Figure 3—figure supplement 1
Ribosomes from wildtype and mutant cells grown at 37°C for 90 min were sedimented through sucrose cushions.
Pellets were resuspended and either evaluated by SDS-PAGE and immunoblotting (IB) with anti-Rpl32 (bottom panel) or incubated with the indicated amount of RNAse for 10 min at 30°C. Aliquots of the RNAse reactions were evaluated by separation on NuPAGE gels and IB with anti-Gfp (top panel). Species B and C are RNAse-insensitive species whose physical nature is unknown.
Figure 4 with 1 supplement
Non-stop reporter PrANS accumulates on 60S and 80S ribosomes in a tRNA-linked form in cdc48-3 cells.
(A) NuPAGE gel analysis reveals accumulation of tRNA-linked PrANS in cdc48-3 and ltn1Δ cells. Wildtype and mutant cells containing reporter plasmid were grown at 30°C for one generation and expression of reporter was induced (or not) by the addition of 2% galactose (±Gal) for 2 hr. Glass bead/SDS extracts were fractionated on a NuPAGE gel to preserve tRNA-linked species, and analyzed by IB with PAP to detect protein A. Equal loading was confirmed by Ponceau S staining and IB for tubulin (Figure 4—figure supplement 1A). The right panel shows collapse of the tRNA-linked species in cdc48-3 extract following RNAse treatment. (B) tRNA-linked PrANS accumulates on 60S and 80S ribosomes in ltn1Δ and cdc48-3 mutants. Sucrose gradient (10–30%) fractions from cells expressing plasmid-borne PrANS and grown at 30°C for two generations were concentrated by TCA precipitation and evaluated by fractionation on a NuPAGE gel and IB with anti-PAP or anti-Rpl32 (Figure 4—figure supplement 1B). Fractions 15 and 16 (enriched for 60S) and 17–19 (enriched for 80S ribosomes) are indicated.
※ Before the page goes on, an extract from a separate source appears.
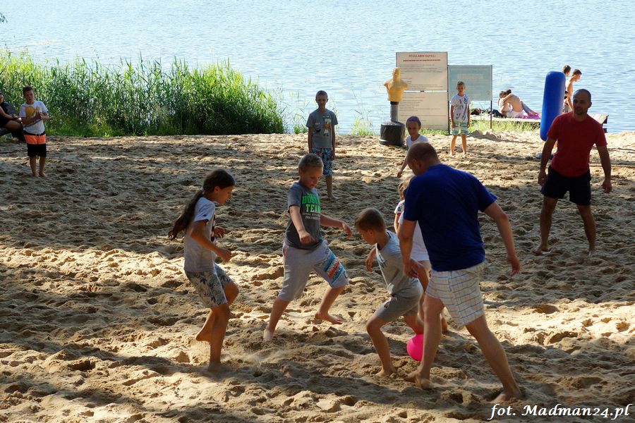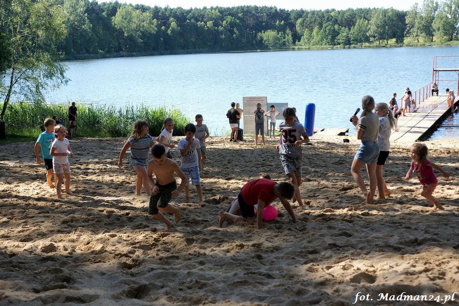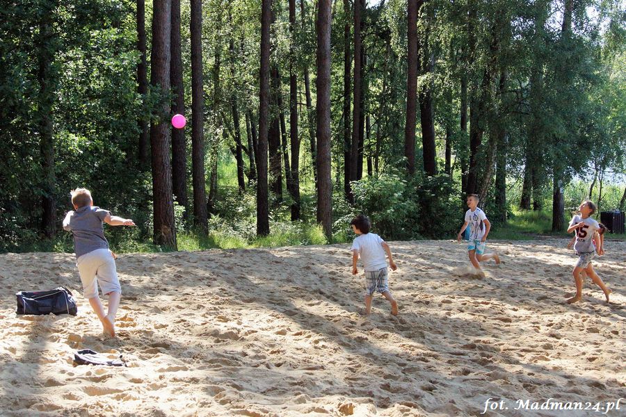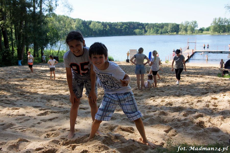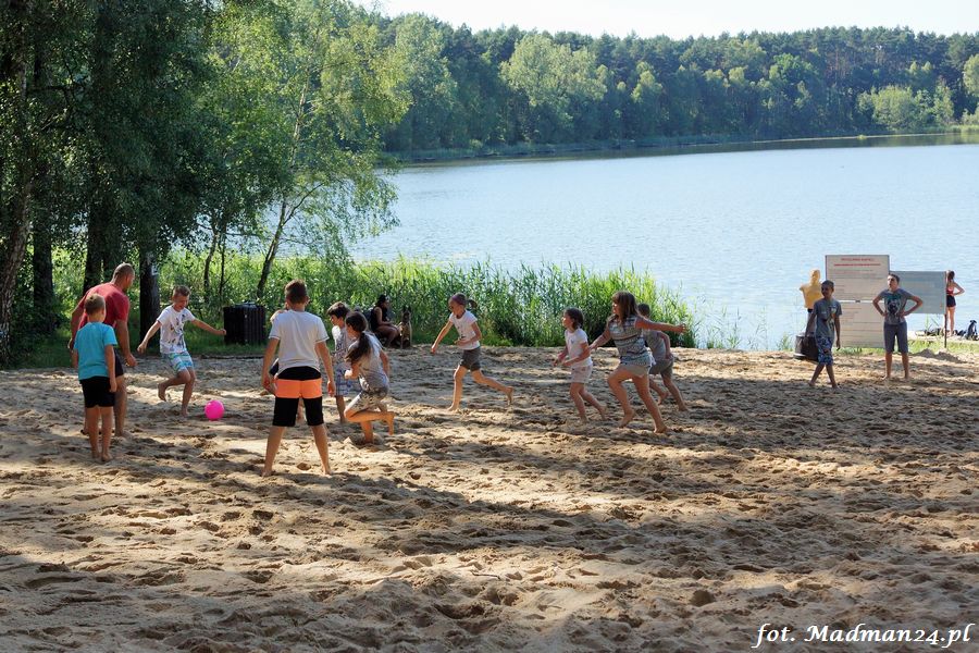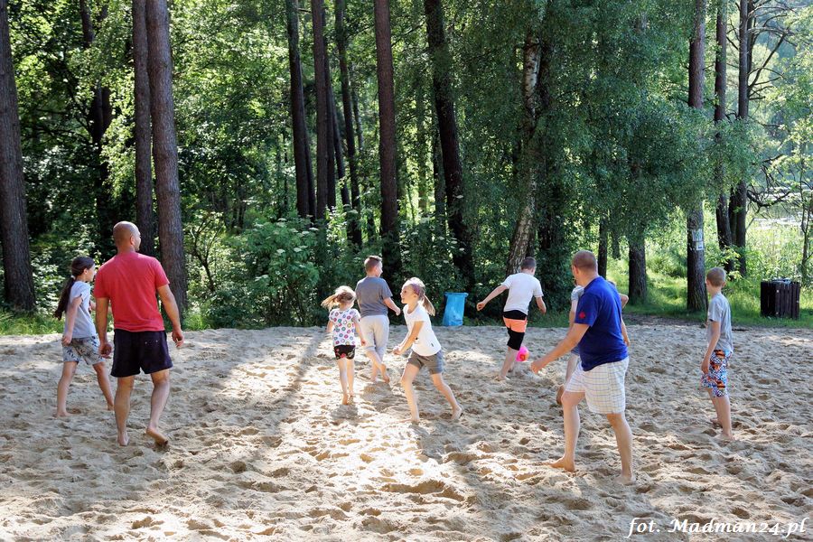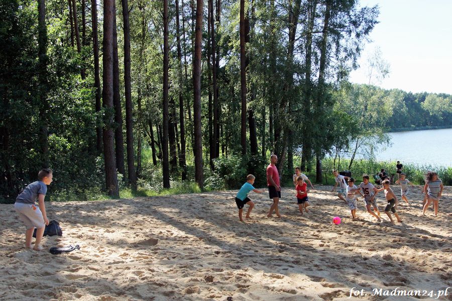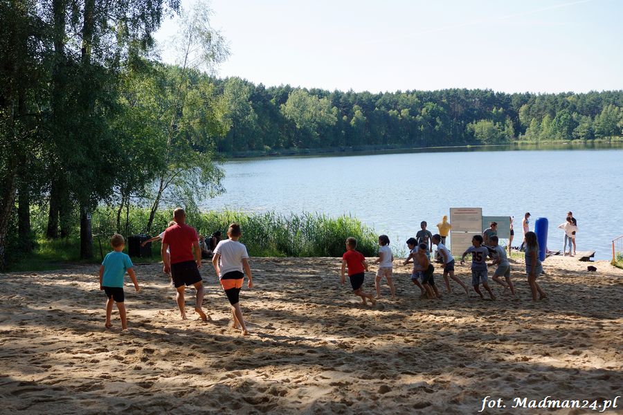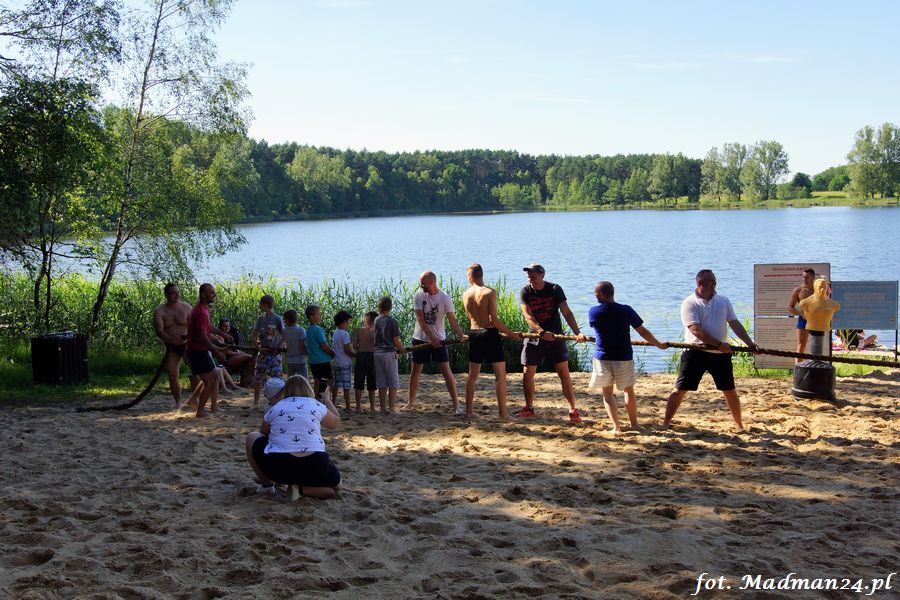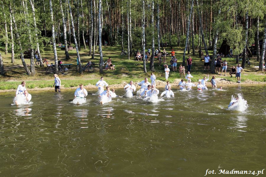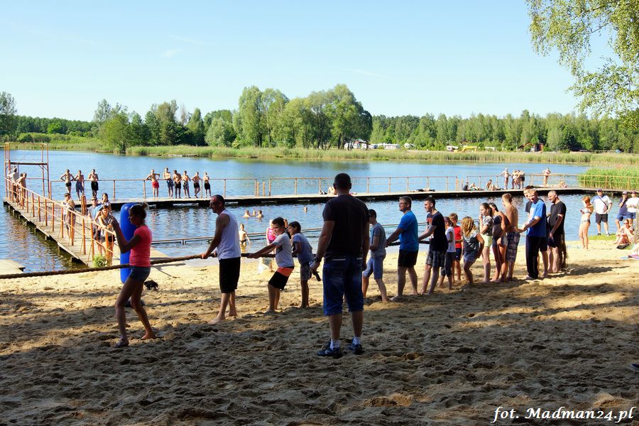 Trening karateków tym razem odbył się nad jeziorem Ostrowskim. Wystarczył jeden wpis Karola Buksztynowicza na Facebooku https://www.facebook.com/karol.buksztynowicz i nad jeziorem zaroiło się od ludzi w kimonach. Karatecy biegali po lesie, grali w piłkę, trenowali w wodzie i na plaży oraz przeciągali linę. To ostatnie wzbudziło bez wątpienia najwięcej emocji. Był pot i była zabawa. Na plaży byli także badmintoniści, a wśród nich świeżo upieczony „Brązowy Robert”. Tym razem jednak tylko w roli obserwatorów.

Figure 4—figure supplement 1
Fractionation of ribosome subunits on sucrose gradients.
(A) Ponceau S staining (top panel) and anti-tubulin IB (bottom panel) of nitrocellulose filter used for Figure 4A. The lanes in Figure 4A with no signal contain lysate from uninduced cells. (B) Lysates from wildtype cells containing the PrANS reporter were fractionated on 10–30% sucrose gradients in parallel with lysates from ltn1Δ and cdc48-3 grown at 30°C for two generations (Figure 4B). 0.2 ml fractions were collected and aliquots were resolved by SDS-PAGE followed by IB with anti-Rpl32.
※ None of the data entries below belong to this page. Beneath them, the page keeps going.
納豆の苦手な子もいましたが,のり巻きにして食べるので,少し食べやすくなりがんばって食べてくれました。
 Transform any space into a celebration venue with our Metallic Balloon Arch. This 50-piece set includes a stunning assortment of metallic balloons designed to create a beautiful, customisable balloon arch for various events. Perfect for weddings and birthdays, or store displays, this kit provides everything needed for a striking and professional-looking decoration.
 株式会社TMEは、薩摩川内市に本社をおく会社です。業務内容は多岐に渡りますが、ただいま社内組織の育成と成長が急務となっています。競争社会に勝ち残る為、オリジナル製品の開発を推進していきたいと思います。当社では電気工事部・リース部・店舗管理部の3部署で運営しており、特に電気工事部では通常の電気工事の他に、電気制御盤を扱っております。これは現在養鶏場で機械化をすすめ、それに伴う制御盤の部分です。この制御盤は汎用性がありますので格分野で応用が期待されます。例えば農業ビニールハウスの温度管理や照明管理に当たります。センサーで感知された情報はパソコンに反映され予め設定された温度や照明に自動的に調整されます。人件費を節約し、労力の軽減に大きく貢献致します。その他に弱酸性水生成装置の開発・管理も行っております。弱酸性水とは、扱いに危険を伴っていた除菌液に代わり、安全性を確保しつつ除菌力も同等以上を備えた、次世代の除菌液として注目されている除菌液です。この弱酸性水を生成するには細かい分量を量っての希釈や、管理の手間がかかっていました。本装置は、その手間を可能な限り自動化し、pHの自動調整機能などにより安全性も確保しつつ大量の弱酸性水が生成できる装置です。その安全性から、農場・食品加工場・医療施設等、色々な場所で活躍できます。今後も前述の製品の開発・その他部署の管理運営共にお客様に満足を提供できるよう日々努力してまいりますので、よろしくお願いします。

Figure 5 with 1 supplement
Non-stop reporter PrANS accumulates on ribosomes in cdc48-3 cells but is released from ribosomes in cells deficient in proteasome activity.
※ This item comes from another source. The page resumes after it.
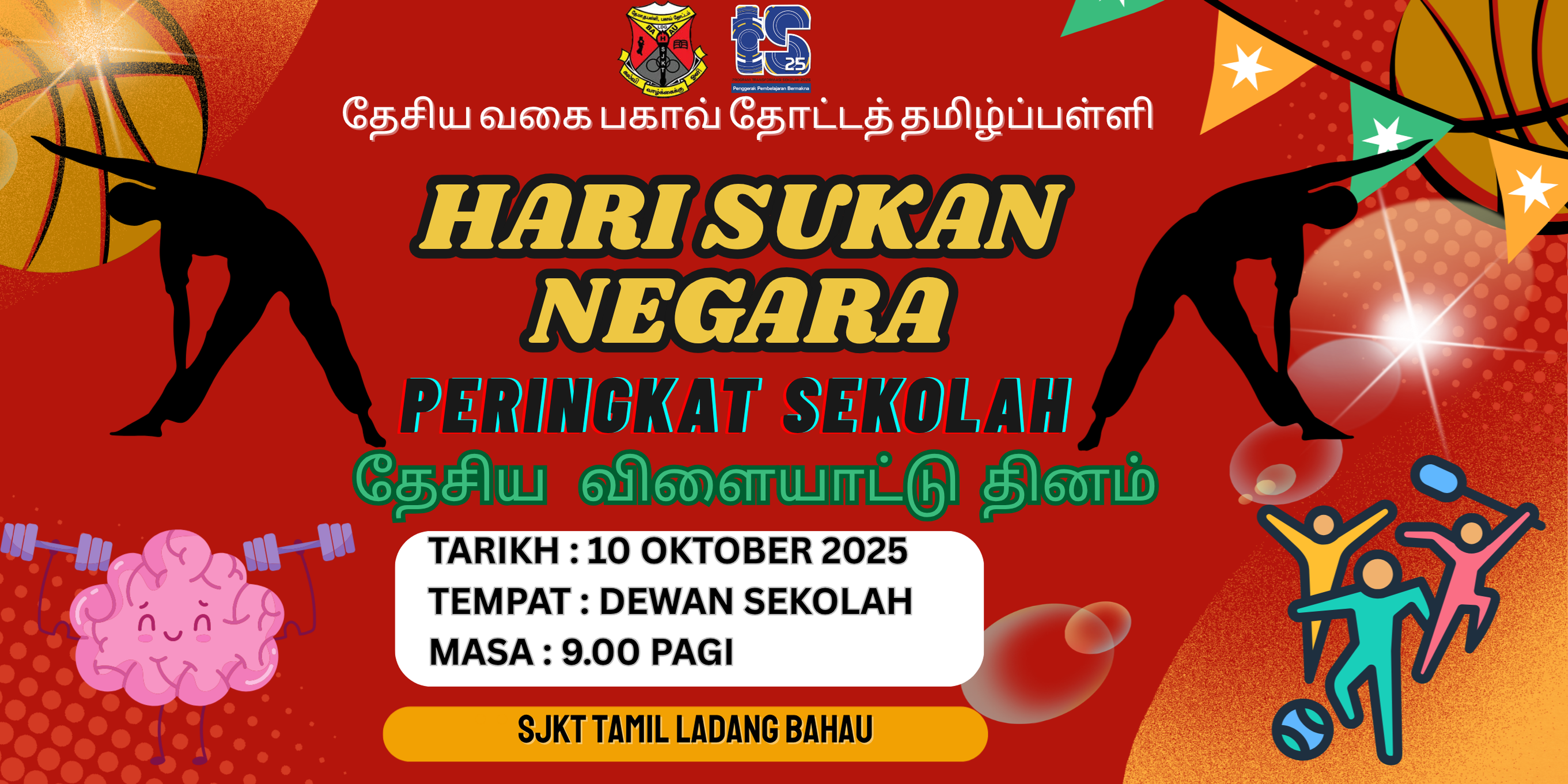 Sambutan Hari Sukan Negara Peringkat SJKT Ladang Bahau bagi tahun 2025 telah berjaya dilaksanakan dengan jayanya pada [Tarikh Penuh, contoh: 11 Oktober 2025]. Program ini diadakan selaras dengan inisiatif kerajaan untuk membudayakan sukan dan menggalakkan gaya hidup sihat dalam kalangan komuniti sekolah. Penyertaan melibatkan semua murid, guru, dan kakitangan sekolah.
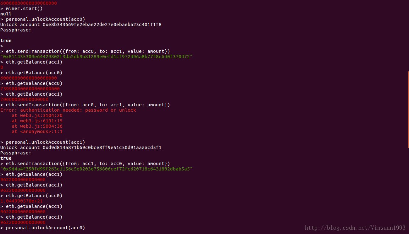 这个时候我们就需要执行 personal.unlockAccount(acc0) 并输入密码来解锁acc0才可。(如上图)

(A) Ub conjugates accumulate to a greater extent on ribosomes isolated from cdc48-3 and npl4-1 mutants than on ribosomes isolated from cells treated with proteasome inhibitor MG132. Puromycin-treated ribosomes from Figure 1B were incubated with UBA resin. The bound fraction was evaluated by SDS-PAGE and immunoblotting with anti-Ub. (B) PrANS preferentially accumulates on the ribosome in cdc48-3 cells and in the post-ribosome supernatant in a proteasome mutant. Ribosomes were isolated from cells grown at 37°C for 90 min by pelleting through sucrose cushions. Total cell lysate inputs (left panel), ribosome pellets (middle panel) and post-ribosome supernatants (right panel) were evaluated by separation on a NuPAGE gel and IB with PAP. Equivalent recovery of ribosomes in the pellet fractions was confirmed by IB with anti-Rpl32 (bottom panel). The same cell cultures were also evaluated by preparing extracts in SDS and resolving aliquots on a Tris-Glycine (Figure 5—figure supplement 1B, left panel) or NuPAGE (Figure 5—figure supplement 1B, right panel) gel.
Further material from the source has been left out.